In 1780, Luigi Galvani, an Italian physicist, discovered something he named "animal electricity" when two different metals were connected in series with a frog's leg and to one another. Volta realised that the frog's leg served as both a conductor of electricity (what we would now call an electrolyte) and as a detector of electricity. He also understood that the frog's legs were irrelevant to the electric current, which was caused by the two differing metals. He replaced the frog's leg with brine-soaked paper and detected the flow of electricity by other means familiar to him from his previous studies. In this way, he discovered the electrochemical series, and the law that the electromotive force (emf) of a galvanic cell, consisting of a pair of metal electrodes separated by electrolyte, is the difference between their two electrode potentials (thus, two identical electrodes and a common electrolyte give zero net emf). This may be called Volta's Law of the electrochemical series.

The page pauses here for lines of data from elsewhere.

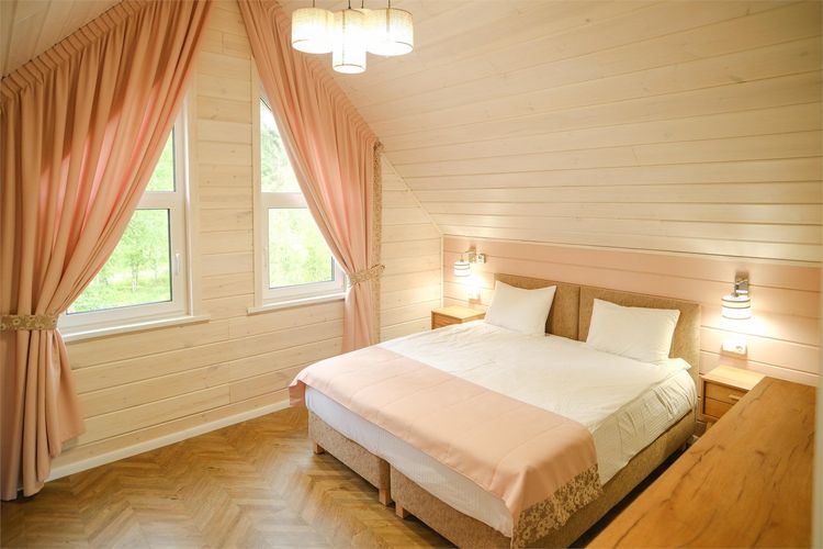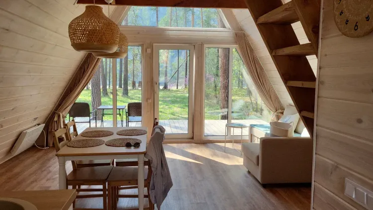 Проживание: база отдыха предлагает размещение в современных и комфортабельных домиках различных типов: барнхаусах, а-фреймах и шале. Все номера оборудованы для автономного проживания и оснащены необходимой бытовой техникой и посудой.
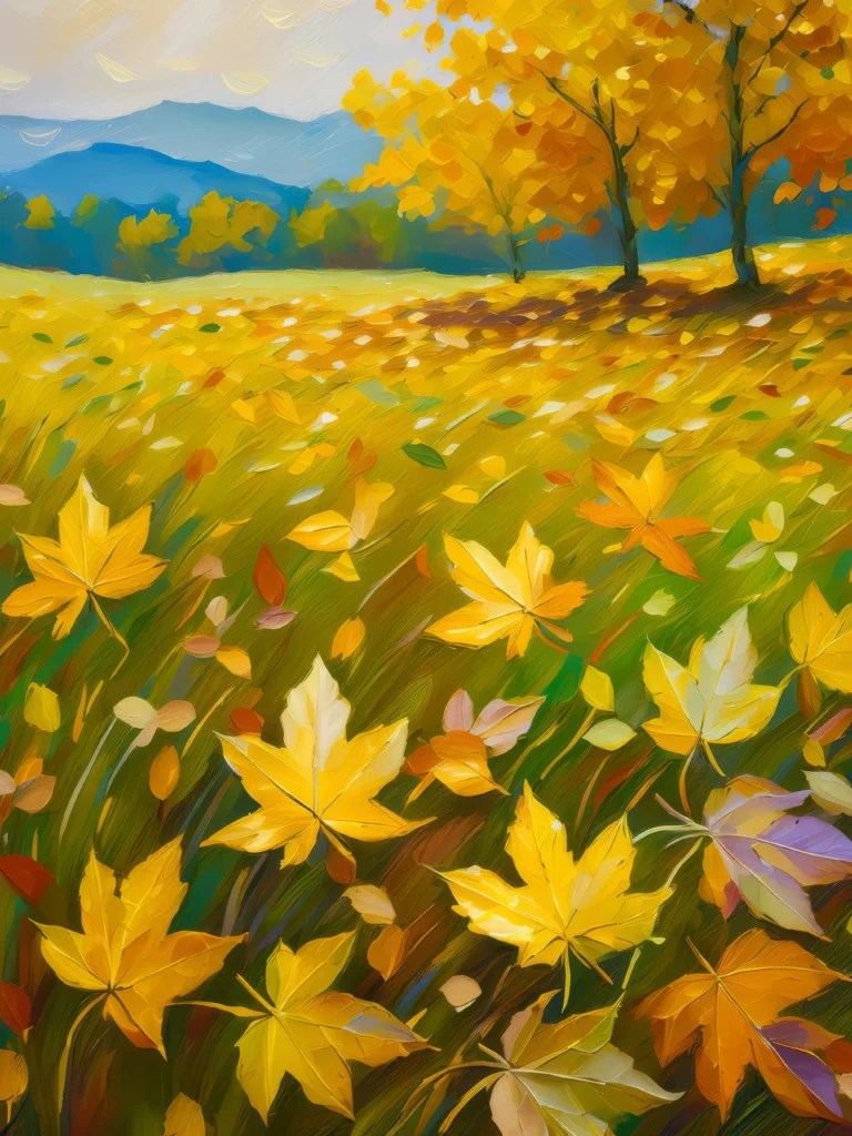 Golden autumn leaves scattered across a grassland with a crisp breeze.
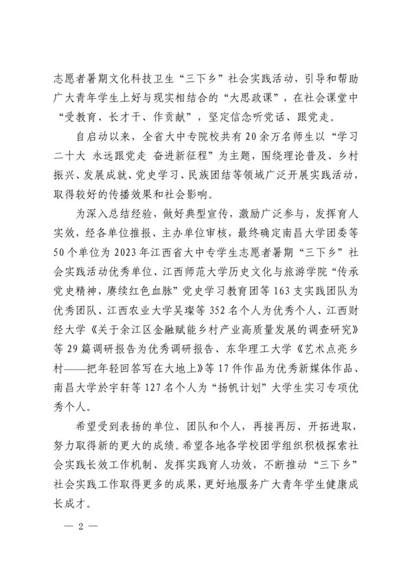 12月12日,共青团江西省委办公室印发了《关于2023年江西省大中专学生志愿者暑期“三下乡”社会实践活动的通报》,taptap点点“护卫成长 筑梦远航”社会实践队荣获优秀团队,廖思琴和龙颖荣获优秀个人。
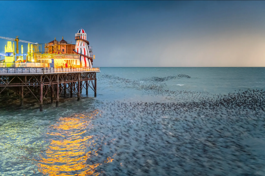 – Секоја вечер од зимата, Брајтон е сведок на спектакуларното мрморење на птиците. Во оваа конкретна вечер, невремето што се приближуваше го осветлуваше хоризонтот, а како што се намалуваше светлина, така небото се балансираше со светлата на засолништето кое што се наоѓаше на самото пристаниште. „Се префрлив на широкоаголен објектив, со намера засолништето и неговиот одраз да бидат дел од мојата фотогија и така го чекав правиот момент.  Како пристигнуваа птиците, така создаваја грациозни, елегантни облини низ мојот визир. Особено ми се допаѓа обликот на нивното движење на оваа фотографија“

In 1800, as the result of a professional disagreement over the galvanic response advocated by Galvani, Volta invented the voltaic pile, an early electric battery, which produced a steady electric current. Volta had determined that the most effective pair of dissimilar metals to produce electricity was zinc and copper. Initially, he experimented with individual cells in series, each cell being a wine goblet filled with brine into which the two dissimilar electrodes were dipped. The voltaic pile replaced the goblets with cardboard soaked in brine.

== Early battery ==

A voltaic pile

In announcing his invention of the voltaic pile, Volta paid tribute to the influences of William Nicholson, Tiberius Cavallo, and Abraham Bennet.

The battery made by Volta is credited as one of the first electrochemical cells. It consists of two electrodes: one made of zinc, the other of copper. The electrolyte is either sulphuric acid mixed with water or a form of saltwater brine. The electrolyte exists in the form 2 H+ and SO4(2−). Zinc metal, which is higher in the electrochemical series than both copper and hydrogen, is oxidized to zinc cations (Zn^{2+}) and creates electrons that move to the copper electrode. The positively charged hydrogen ions (protons) capture electrons from the copper electrode, forming bubbles of hydrogen gas, H_{2}. This makes the zinc rod the negative electrode and the copper rod the positive electrode. Thus, there are two terminals, and an electric current will flow if they are connected. The chemical reactions in this voltaic cell are as follows:

Zinc:
Zn → Zn(2+) + 2e-

Sulphuric acid:
2H+ + 2e- -> H2

Copper metal does not react, but rather it functions as a catalyst for the hydrogen-gas formation and an electrode for the electric current. The sulphate anion (SO4(2-)) does not undergo any chemical reaction either, but migrates to the zinc anode to compensate for the charge of the zinc cations formed there. However, this cell also has some disadvantages. It is unsafe to handle, since sulphuric acid, even if diluted, can be hazardous. Also, the power of the cell diminishes over time because the hydrogen gas is not released. Instead, it accumulates on the surface of the copper electrode and forms a barrier between the metal and the electrolyte solution.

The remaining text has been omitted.